Sebelumnya, lima orang diselamatkan nelayan Aceh ketika sedang terombang-ambing dalam sebuah perahu di Selat Malaka pada 6 April lalu. Lima orang lainnya yang berangkat dalam perahu yang sama dilaporkan telah tewas karena kekurangan makanan dan dibuang ke laut .
Muhammad Nasir, Kepala Pelaksana Badan Penanggulangan Bencana Daerah (BPBD) Bireuen menyatakan, “manusia perahu” itu terdiri dari 43 pria dewasa, 25 perempuan dan delapan anak-anak.
“Dehidrasi berat lima orang dan dehidrasi berat plus sesak dua orang saat ini masih ditangani tim kesehatan,” katanya dalam pernyataan tertulis yang diterima BeritaBenar.
Ditambahkan setelah mendapat penanganan darurat di Kuala Raja, pada Jumat petang, mereka dibawa ke Sanggar Kegiatan Belajar (SKB) Cot Gapu, dekat Kota Bireuen, sambil menunggu pejabat Kantor Imigrasi Lhokseumawe.
Panglima Laot Bireuen, Pawang Badruddin, yang dihubungi dari Banda Aceh menyatakan boat kayu itu pertama terlihat warga setempat yang kebetulan sedang berada di pantai.
Kemudian, boat yang membawa penuh warga Muslim Rohingya merapat ke Kuala Raya.
Panglima laot merupakan lembaga adat tempat bernaungnya para nelayan di Aceh.
“Jadi bukan ditarik oleh nelayan seperti kejadian di Aceh Timur awal bulan lalu,” katanya merujuk pada penyelamatan lima warga Rohingya pada 6 April lalu.
“Kami hari Jumat tidak melaut. Jadi tidak ada nelayan yang melihat mereka saat berada di laut,” tambah Badruddin.
Dia menambahkan bahwa begitu turun dari boat, sebagian pengungsi Rohingya terlihat cukup lemas dan ditampung di balai-balai yang ada dekat pantai.
“Mungkin mereka sudah beberapa hari tidak makan dan minum saat di laut,” katanya.
Setelah warga Rohingya berada di dataran, warga sekitar segera memberikan bantuan makanan dan minuman. Beberapa saat kemudian, datang pejabat Bireuen dan petugas kesehatan.

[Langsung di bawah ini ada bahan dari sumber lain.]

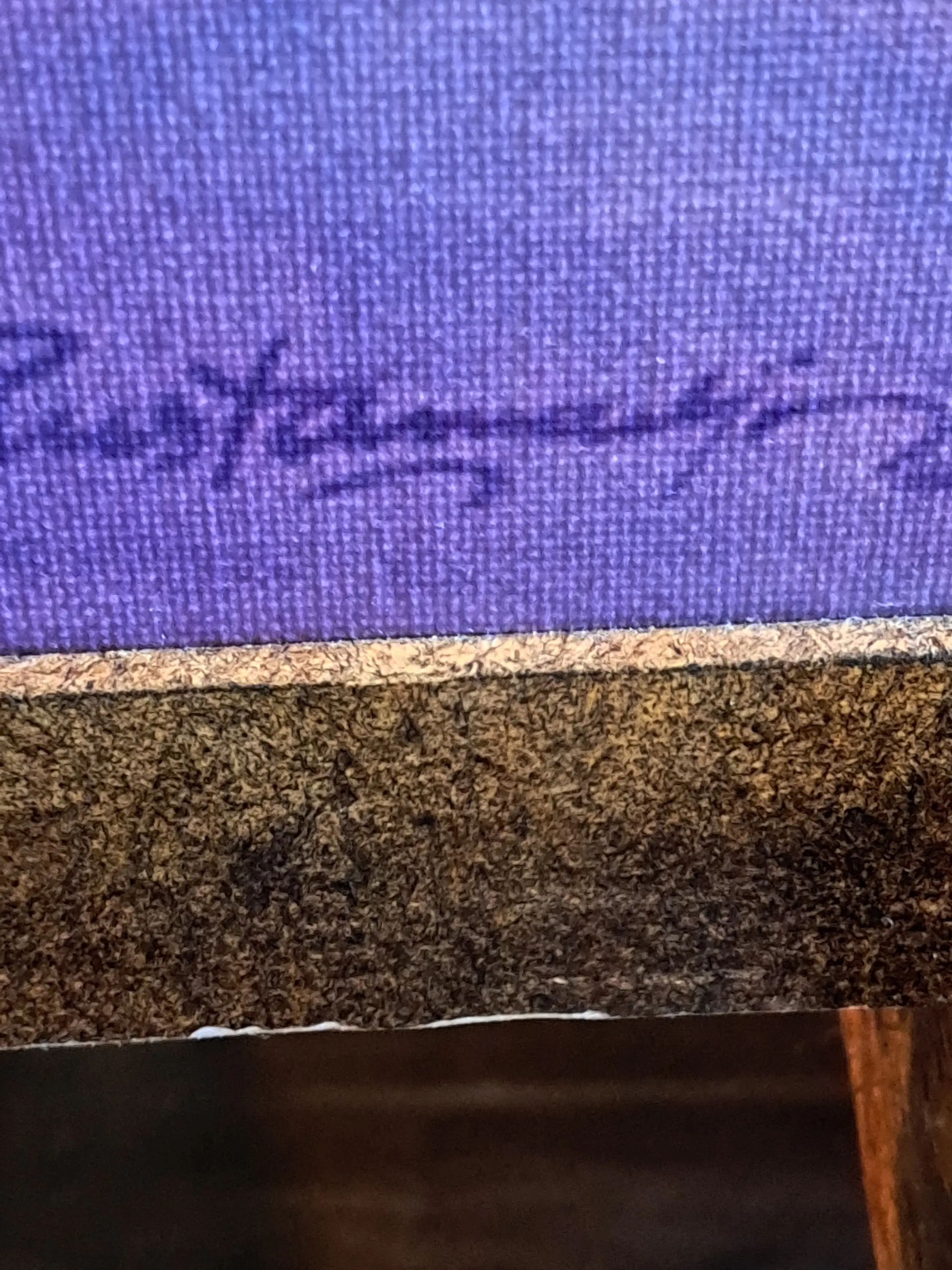 De giclée zelf is in een uitstekende staat. De lijst vertoont wel gebruikerssporen en lichte beschadigingen.

Kapolres Bireuen, AKBP Riza Yulianto, mengatakan berdasarkan informasi awal diketahui bahwa warga Rohingya yang terdampar itu berangkat dari Myanmar, bukan Bangladesh.
Saat ini, terdapat lebih dari 700.000 warga Muslim Rohingya yang kabur ke Bangladesh tahun lalu setelah pemerintah Myanmar dan milisi Buddha melancarkan operasi yang disebut PBB sebagai pembersihan etnis.
“Mereka dalam kondisi sehat meski ada beberapa anak-anak. Kami sudah memberikan makanan dan tim dokter sedang mengecek kesehatan satu persatu,” kata Riza kepada BeritaBenar.
Dia menambahkan, pemerintah Kabupaten Bireuen sudah berkoordinasi dengan Kantor Imigrasi Lhokseumawe untuk melakukan pendataan dan penanganan terhadap ‘manusia perahu’ tersebut.
Petugas Imigrasi Lhokseumawe dilaporkan tiba sekitar pukul 18:00 WIB di SBK Cot Gapu dan mulai melakukan pendataan awal menyangkut identitas mereka.
Wakil Bupati Bireuen, Muzakkar A Gani yang turun ke lokasi mengatakan boat kayu yang ditumpangi 76 warga Rohingya telah terombang ambing di lautan selama sembilan hari sejak mereka meninggalkan kawasan Rakhine di Myanmar.
“Ketika mau merapat di Thailand, dihalau tidak merapat. Akhirnya mereka berada di laut dan terombang ambing dengan persedian makanan seadanya,” kata Muzakkar kepada wartawan.
Dalam beberapa tahun terakhir, etnis Muslim Rohingya sering terdampar di perairan Aceh. Sebagian dari mereka masih ditampung di sejumlah lokasi di Medan, ibukota Sumatera Utara.
Pada 2015 lalu, sekitar 1.000 warga Rohingya sempat terdampar dan diselamatkan para nelayan Aceh.
Meski mendapat perlakuan baik dari warga Aceh, sebagian besar memilih melarikan diri ke Malaysia untuk mencari pekerjaan. Sisanya ada yang telah mendapatkan suaka politik di negara ketiga.